60. ARTHUR BOYD Figure in Landscape
In 1970 Arthur Boyd had completed the Nebuchadnezzar series, one of the defining groups of paintings in this distinguished artists career. These large brightly coloured and fundamentally literary works sharply contrast with equally important landscapes, some with figures, which Boyd produced in the following years. These landscapes represent a return to one of Boyds core interests and exemplify the binary nature of this restlessly productive artist. One minute he is deftly probing the boundaries of allegory with metaphysical pyrotechnics, next minute he brings the same technical flourish to work which is naturalistic, earthy, and almost homely. This was a characteristic of his work since the earliest days of his career. Throughout, his work relied on the way one extreme is illuminated by an admixture of the other. In this respect he is following in the footsteps of the artist who was one of the most important influences in his early years, the Flemish artist Pieter Bruegel the Elder (c1525- 1569).

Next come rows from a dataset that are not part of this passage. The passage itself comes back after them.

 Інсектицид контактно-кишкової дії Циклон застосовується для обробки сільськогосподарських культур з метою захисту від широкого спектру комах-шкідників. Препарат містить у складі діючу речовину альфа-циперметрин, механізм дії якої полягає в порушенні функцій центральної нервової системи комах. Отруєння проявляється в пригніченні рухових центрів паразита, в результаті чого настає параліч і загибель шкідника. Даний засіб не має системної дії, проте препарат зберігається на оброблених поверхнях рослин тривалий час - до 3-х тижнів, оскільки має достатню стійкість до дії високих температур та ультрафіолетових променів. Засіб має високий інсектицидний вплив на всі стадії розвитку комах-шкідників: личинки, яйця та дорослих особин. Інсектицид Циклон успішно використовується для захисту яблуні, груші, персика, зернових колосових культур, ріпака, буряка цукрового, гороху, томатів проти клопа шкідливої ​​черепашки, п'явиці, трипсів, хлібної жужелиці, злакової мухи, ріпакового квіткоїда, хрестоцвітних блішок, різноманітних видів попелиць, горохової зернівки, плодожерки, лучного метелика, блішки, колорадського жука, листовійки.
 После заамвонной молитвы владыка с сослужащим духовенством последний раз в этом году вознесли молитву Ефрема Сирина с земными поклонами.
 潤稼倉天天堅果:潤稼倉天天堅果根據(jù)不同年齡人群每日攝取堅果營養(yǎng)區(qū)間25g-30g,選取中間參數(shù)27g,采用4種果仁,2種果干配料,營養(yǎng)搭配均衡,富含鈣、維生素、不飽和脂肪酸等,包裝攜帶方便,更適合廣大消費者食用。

Figure in Landscape belongs to an extended group of works painted through 1972, shortly after Boyd had (after twelve years residence in England) returned to Australia and following his momentous visit to art dealer Frank McDonalds farm at Bundanon. This was Boyds first visit to the area that was to become the most important subject of his later career. Initially however, the visit resulted in Riverbank, a small, relatively modest landscape painting now in the National Gallery of Australia collection. This discrete little painting, produced on a hot summers day on the river in front of the property, is the fountainhead of much of Boyds later work, and the origin of his highly successful and enduring Shoalhaven paintings.
Figure in Landscape, painted a short time later, is a remarkable example of the naturalistic tendency in Boyds work. It also makes references to some of his favourite painters: Rembrandt (1606-1669), Manet (1832-1883) and Tintoretto (1518-1595), all artists known for painting nude bathers in the landscape, often using the biblical subject of Susannah and the Elders. In this case the nude is Yvonne, Boyds wife. The figure has the dignity of a classical nude, and yet she is painted naturalistically to a fault - rather warts-and-all, and possibly erring on the wrong side of chivalry, but nonetheless remarkably direct and uncompromising. In the background we see the same ridgeline as Riverbank, gently undulating but distinctive. This ridgeline, subtle yet insistent, is the prototype of its more developed version, the Shoalhaven Pulpit Rock, which was through Boyds work to become one of the best recognised landmarks in Australian art.
Although the subject of this painting is clearly a nude, Figure in Landscape, like other examples of this series gives as much weight to the figure as its surroundings. In the case of this painting, the figure can be seen to tonally merge with the foreground leaving as the principal focus the upper area of the composition.
With both Riverbank and Figure in Landscape we are witnesses to Boyds quest for a landscape subject capable of performing the function of a visual anchor to a composition. In this respect these landscapes of the early 1970s, which at first recall the work of Fred Williams (1927-1982), increasingly refer to Sidney Nolans (1917-1992) Kelly series and Albert Tuckers (1914-1999) Explorers. The quest, which coincided with his discovery of the Shoalhaven River, provided the endlessly experimental Boyd with a subject and a motif which would prove a rich source of inspiration and one that he could deploy at will and to great effect in the coming years.